*** Opening of The input ***

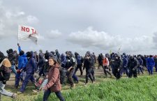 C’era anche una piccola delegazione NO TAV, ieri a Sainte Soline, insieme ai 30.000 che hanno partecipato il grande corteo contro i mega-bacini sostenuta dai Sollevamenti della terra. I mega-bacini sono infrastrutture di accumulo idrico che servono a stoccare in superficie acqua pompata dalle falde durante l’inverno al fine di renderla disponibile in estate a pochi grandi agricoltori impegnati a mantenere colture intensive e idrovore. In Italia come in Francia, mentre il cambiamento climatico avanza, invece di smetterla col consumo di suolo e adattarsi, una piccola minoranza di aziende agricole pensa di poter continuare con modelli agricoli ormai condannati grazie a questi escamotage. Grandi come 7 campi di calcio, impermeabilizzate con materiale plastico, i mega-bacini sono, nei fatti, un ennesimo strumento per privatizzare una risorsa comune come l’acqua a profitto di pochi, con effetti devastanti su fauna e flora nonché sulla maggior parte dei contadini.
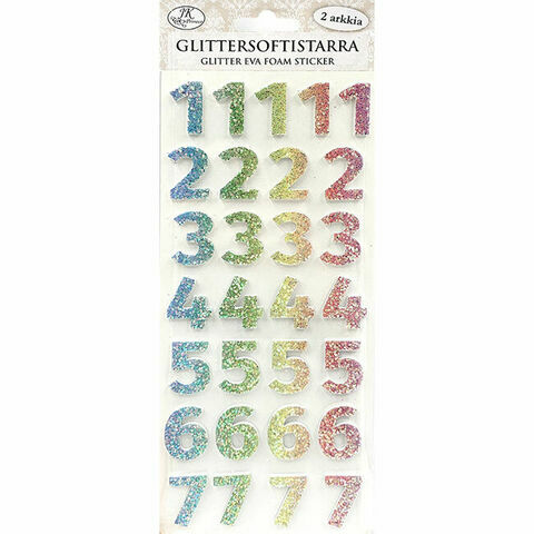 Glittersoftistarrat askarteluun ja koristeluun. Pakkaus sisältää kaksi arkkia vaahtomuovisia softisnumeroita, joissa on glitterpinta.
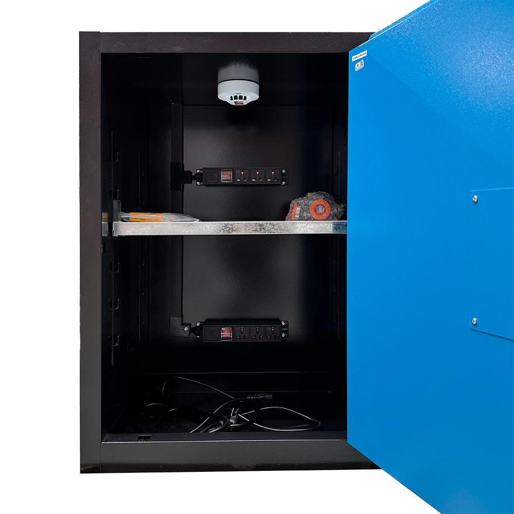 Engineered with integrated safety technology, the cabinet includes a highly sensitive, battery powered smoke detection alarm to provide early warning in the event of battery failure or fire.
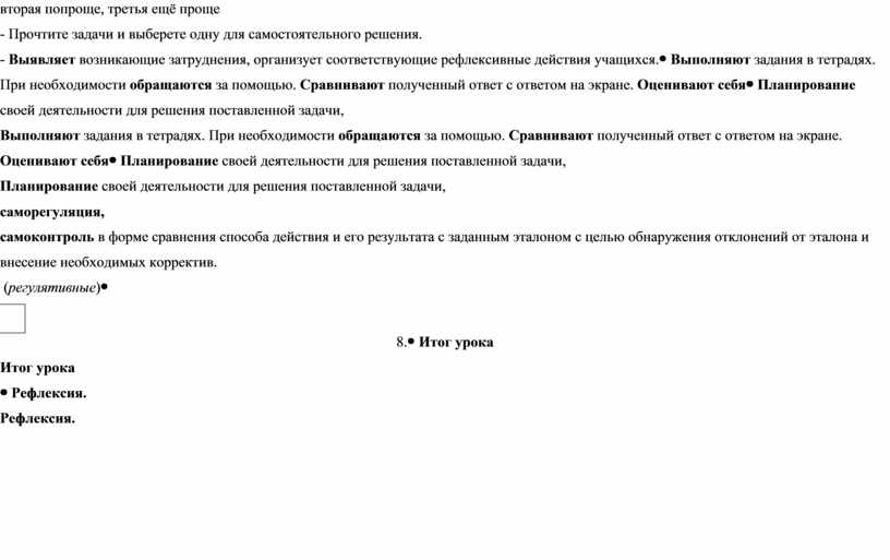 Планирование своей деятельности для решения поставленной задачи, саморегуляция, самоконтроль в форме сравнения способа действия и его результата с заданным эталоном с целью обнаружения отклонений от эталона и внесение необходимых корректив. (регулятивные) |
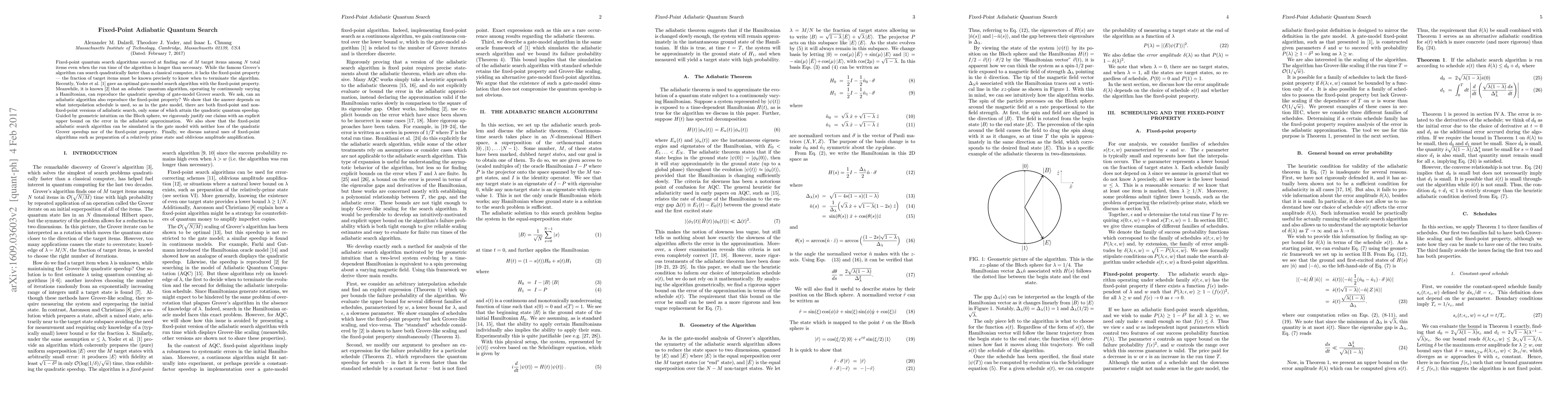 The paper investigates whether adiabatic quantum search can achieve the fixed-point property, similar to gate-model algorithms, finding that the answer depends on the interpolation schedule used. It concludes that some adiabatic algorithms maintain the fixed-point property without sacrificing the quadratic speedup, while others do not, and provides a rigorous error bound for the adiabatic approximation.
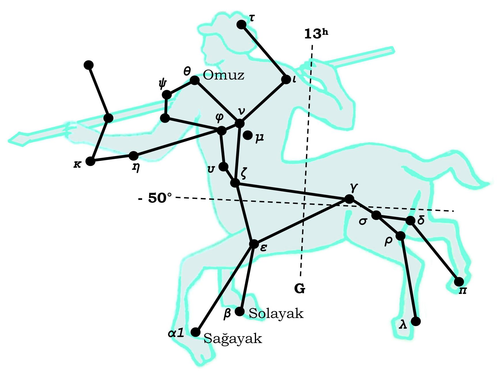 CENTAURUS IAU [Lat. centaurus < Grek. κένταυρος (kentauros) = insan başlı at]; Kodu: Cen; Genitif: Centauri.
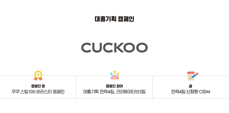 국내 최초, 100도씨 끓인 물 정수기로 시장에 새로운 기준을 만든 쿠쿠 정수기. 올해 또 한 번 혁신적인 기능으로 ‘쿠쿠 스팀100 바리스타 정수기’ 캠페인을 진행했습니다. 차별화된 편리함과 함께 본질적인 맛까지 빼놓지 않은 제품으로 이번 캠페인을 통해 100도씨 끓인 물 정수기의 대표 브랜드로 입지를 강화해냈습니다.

*** Close of The input ***

What to do. Would you reproduce the records exactly as they stand, but without the pictures?

Output.
 C’era anche una piccola delegazione NO TAV, ieri a Sainte Soline, insieme ai 30.000 che hanno partecipato il grande corteo contro i mega-bacini sostenuta dai Sollevamenti della terra. I mega-bacini sono infrastrutture di accumulo idrico che servono a stoccare in superficie acqua pompata dalle falde durante l’inverno al fine di renderla disponibile in estate a pochi grandi agricoltori impegnati a mantenere colture intensive e idrovore. In Italia come in Francia, mentre il cambiamento climatico avanza, invece di smetterla col consumo di suolo e adattarsi, una piccola minoranza di aziende agricole pensa di poter continuare con modelli agricoli ormai condannati grazie a questi escamotage. Grandi come 7 campi di calcio, impermeabilizzate con materiale plastico, i mega-bacini sono, nei fatti, un ennesimo strumento per privatizzare una risorsa comune come l’acqua a profitto di pochi, con effetti devastanti su fauna e flora nonché sulla maggior parte dei contadini.
 Glittersoftistarrat askarteluun ja koristeluun. Pakkaus sisältää kaksi arkkia vaahtomuovisia softisnumeroita, joissa on glitterpinta.
 Engineered with integrated safety technology, the cabinet includes a highly sensitive, battery powered smoke detection alarm to provide early warning in the event of battery failure or fire.
 Планирование своей деятельности для решения поставленной задачи, саморегуляция, самоконтроль в форме сравнения способа действия и его результата с заданным эталоном с целью обнаружения отклонений от эталона и внесение необходимых корректив. (регулятивные) |
 The paper investigates whether adiabatic quantum search can achieve the fixed-point property, similar to gate-model algorithms, finding that the answer depends on the interpolation schedule used. It concludes that some adiabatic algorithms maintain the fixed-point property without sacrificing the quadratic speedup, while others do not, and provides a rigorous error bound for the adiabatic approximation.
 CENTAURUS IAU [Lat. centaurus < Grek. κένταυρος (kentauros) = insan başlı at]; Kodu: Cen; Genitif: Centauri.
 국내 최초, 100도씨 끓인 물 정수기로 시장에 새로운 기준을 만든 쿠쿠 정수기. 올해 또 한 번 혁신적인 기능으로 ‘쿠쿠 스팀100 바리스타 정수기’ 캠페인을 진행했습니다. 차별화된 편리함과 함께 본질적인 맛까지 빼놓지 않은 제품으로 이번 캠페인을 통해 100도씨 끓인 물 정수기의 대표 브랜드로 입지를 강화해냈습니다.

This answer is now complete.